Sept. 8, 2013, 2:05 p.m.
Sept. 8, 2013, 2:05 p.m.
Chapter Twenty One
"Mr Anderson, come back here this instant!"
The shout echoed, following, chasing, bouncing off the lead that invaded the walls and poisoned Blaine's head. He didn't stop.
He kept running, kept running until he reached his room. Chest heaving, head spinning, he looked wildly for some way to lock the door. Of course, there wasn't one. Even if Blaine hadn't pulled that stunt back home and barricaded his family from his bedroom, the only students able to lock their doors from the inside were the sense buddies.
Talking of...
The side door opened, revealing a confused Wesley, "Blaine? I thought you were meant to be with Miss Rosen for another half hour?"
Wes should know; he had escorted Blaine to his first class that morning. After his 72 hour settling period, today had been the start of Blaine's full integration into Dalton life.
It might only be nine thirty in the morning, but Blaine was already writing the day off as a veritable disaster. He couldn't even get through a meet and greet session without screwing up.

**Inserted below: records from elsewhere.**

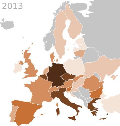 Keywords: MapEuropeSmall WattPerCapita 2013.svg EPIA figures Legend cumulated PV capacity in watts per inhabitant by country C5C5C5 1px solid 9E9E9E <0 1 n/a F4E3D7 1px solid E5B99A 0 1 “1 E9C6AF 1px solid D99C73 1 “10 DEAA87 1px solid CE7F4B 10 “50 D38D5F 1px solid B46631 50 “100 C87137 1px solid 8C4F26 100 “150 A05A2C 1px solid 64381B 150 “200 784421 1px solid 3C2310 200 “300 502D16 1px solid 140C05 300 “450 own SourceË http //www epia org/fileadmin/user_upload/Publications/EPIA_Global_Market_Outlook_for_Photovoltaics_2014-2018_-_Medium_Res pdf EPIA Global Market Outlook page 24 http //www webcitation org/6QGSvAF7w archive Released in June 2014 2014-06-15 20 36 48 Valid SVG margin 5px 0; inkscape Rfassbind This file is used as a frame in an animated GIF For further information seeË thumb center Europe WattPerCapita animated sequence 1992-2013 <center> <table cellspacing 1 cellpadding 3 style text-align right;background-color ccc; font-size 0 85em; width 425px; > <tr style text-align center; ><th colspan 5 style text-align center;background-color 333; color white; >Data table ” Watts Per Capita Calculation In 2013</th><tr> <tr style text-align center; > <th>Country</th> <th>Capacity<br />2013</th> <th>Added<br />2013</th> <th>Popultaion</th> <th>Watts per<br />Capita</th> </tr><tr style background-color white; > <td style text-align left; > Austria Austria </td><td> 613 </td><td> 250 </td><td>8 477 000</td><td>73 <small>3</small></td> </tr><tr style background-color f2f2f2; > <td style text-align left; > Belgium Belgium </td><td> 2 983 </td><td>215 </td><td>11 162 000</td><td>267 <small>2</small></td> </tr><tr style background-color white; > <td style text-align left; > Bulgaria Bulgaria </td><td> 1 020 </td><td> 10 </td><td>7 261 000</td><td>140 <small>5</small></td> </tr><tr style background-color f2f2f2; > <td style text-align left; > Croatia Croatia </td><td> 20 </td><td> 20 </td><td>4 253 000</td><td>4 <small>7</small></td> </tr><tr style background-color white; > <td style text-align left; > Cyprus Cyprus </td><td> 32 </td><td> 15 </td><td>1 141 000</td><td>28 <small>0</small></td> </tr><tr style background-color f2f2f2; > <td style text-align left; > Czech Republic Czech Republic </td><td> 2 175 </td><td> 88 </td><td>10 520 000</td><td>206 <small>7</small></td> </tr><tr style background-color white; > <td style text-align left; > Denmark Denmark </td><td> 548 </td><td> 216 </td><td>5 612 000</td><td>97 <small>6</small></td> </tr><tr style background-color f2f2f2; > <td style text-align left; > Estonia Estonia </td><td>1 </td><td>0 </td><td>1 283 000</td><td>0 <small>1</small></td> </tr><tr style background-color white; > <td style text-align left; > Finland Finland </td><td> 11 </td><td> 0 </td><td>5 436 000</td><td>2 <small>0</small></td> </tr><tr style background-color f2f2f2; > <td style text-align left; > France France </td><td> 4 673 </td><td> 613 </td><td>66 475 000</td><td>70 3<small></small></td> </tr><tr style background-color white; > <td style text-align left; > Germany Germany </td><td> 35 715 </td><td> 3 304 </td><td>80 586 000</td><td>443 <small>2</small></td> </tr><tr style background-color f2f2f2; > <td style text-align left; > Greece Greece </td><td> 2 579 </td><td> 1 043 </td><td>11 030 000</td><td>233 <small>8</small></td> </tr><tr style background-color white; > <td style text-align left; > Hungary Hungary </td><td> 22 </td><td> 10 </td><td>9 894 000</td><td>2 <small>2</small></td> </tr><tr style background-color f2f2f2; > <td style text-align left; > Ireland Ireland </td><td> 3 </td><td> 0 </td><td>4 595 400</td><td>0 <small>7</small></td> </tr><tr style background-color white; > <td style text-align left; > Italy Italy </td><td> 17 928 </td><td> 1 448 </td><td>59 862 000</td><td>299 5<small></small></td> </tr><tr style background-color f2f2f2; > <td style text-align left; > Latvia Latvia </td><td> 1 </td><td> 0 </td><td>2 011 000</td><td>0 <small>5</small></td> </tr><tr style background-color white; > <td style text-align left; > Lithuania Lithuania </td><td> 6 </td><td> 0 </td><td>2 956 000</td><td>2 <small>0</small></td> </tr><tr style background-color f2f2f2; > <td style text-align left; > Luxembourg Luxembourg </td><td> 30 </td><td> 0 </td><td>543 000</td><td>55 <small>2</small></td> </tr><tr style background-color white; > <td style text-align left; > Malta Malta </td><td> 23 </td><td> 7 </td><td>423 000</td><td>54 <small>4</small></td> </tr><tr style background-color f2f2f2; > <td style text-align left; > Netherlands Netherlands </td><td> 665 </td><td> 305 </td><td>16 800 000</td><td>39 <small>6</small></td> </tr><tr style background-color white; > <td style text-align left; > Poland Poland </td><td> 7 </td><td> 1 </td><td>38 548 000</td><td>0 <small>2</small></td> </tr><tr style background-color f2f2f2; > <td style text-align left; > Portugal Portugal </td><td> 278 </td><td> 36 </td><td>10 609 000</td><td>26 <small>2</small></td> </tr><tr style background-color white; > <td style text-align left; > Romania Romania </td><td> 1 151 </td><td> 1 100 </td><td>19 960 000</td><td>57 <small>7</small></td> </tr><tr style background-color f2f2f2; > <td style text-align left; > Slovakia Slovakia </td><td> 524 </td><td> 1 </td><td>5 413 000</td><td>96 <small>8</small></td> </tr><tr style background-color white; > <td style text-align left; > Slovenia Slovenia </td><td> 212 </td><td> 11 </td><td>2 060 000</td><td>102 <small>9</small></td> </tr><tr style background-color f2f2f2; > <td style text-align left; > Spain Spain </td><td> 5 340 </td><td> 118 </td><td>46 610 000</td><td>114 <small>6</small></td> </tr><tr style background-color white; > <td style text-align left; > Sweden Sweden </td><td> 40 </td><td> 18 </td><td>9 593 000</td><td>4 <small>2</small></td> </tr><tr style background-color f2f2f2; > <td style text-align left; > Switzerland Switzerland </td><td> 737 </td><td> 300 </td><td>8 075 000</td><td>91 <small>3</small></td> </tr><tr sty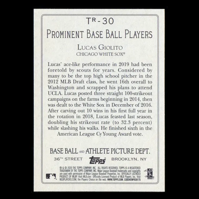 Lucas Giolito 2020 Topps Turkey Red White Sox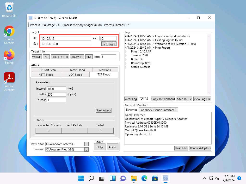 3. Perform a DOS attack using Rven-Storm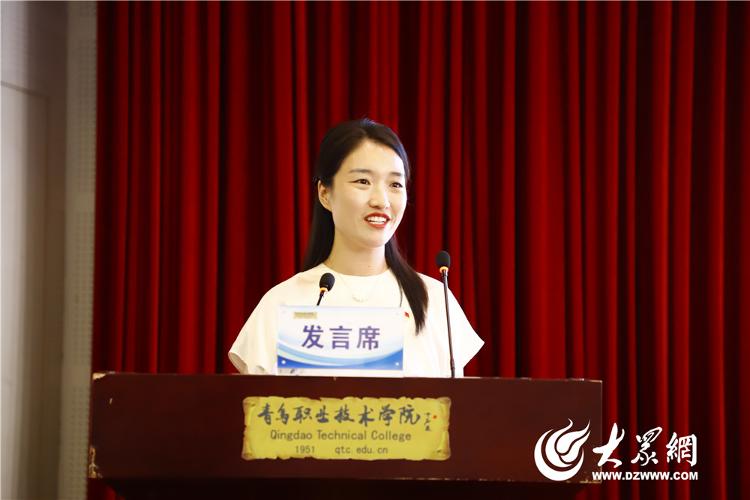 青岛市高校思想政治理论课教学比赛班会课特等奖获得者、学校优秀教育工作者、生物与化工学院辅导员、第三党支部书记纪杰作发言

There was a banging on Blaine's door, and Wes' frown deepened as Blaine scrambled backwards.
"Mr Anderson, open this door! I won't ask you twice."
Giving Blaine one last look, Wes walked forwards and opened the door himself, "Hi Miss Rosen. Is everything okay?"
The woman in the doorway folded her arms, and Blaine found himself mirroring her posture, defensively taking a further step back towards his bed.
"Ah. Wesley, isn't it? Do you think you could give me and Blaine a moment?"
Blaine's shoulders slumped, stomach squirming. But then-
"I'm sorry, Miss Rosen, but that would be against Dalton policy. As I'm sure you're well aware, student rooms are designated as private to faculty staff unless the student in question poses a serious threat to themselves or others. In addition, any student must be accompanied by their sense buddy at all times when a member of the faculty wishes to address a student in their private space. If you have a problem with Blaine following his session with you, I advise you to go through the proper channels and set up a meeting with Blaine through Mr Edwards."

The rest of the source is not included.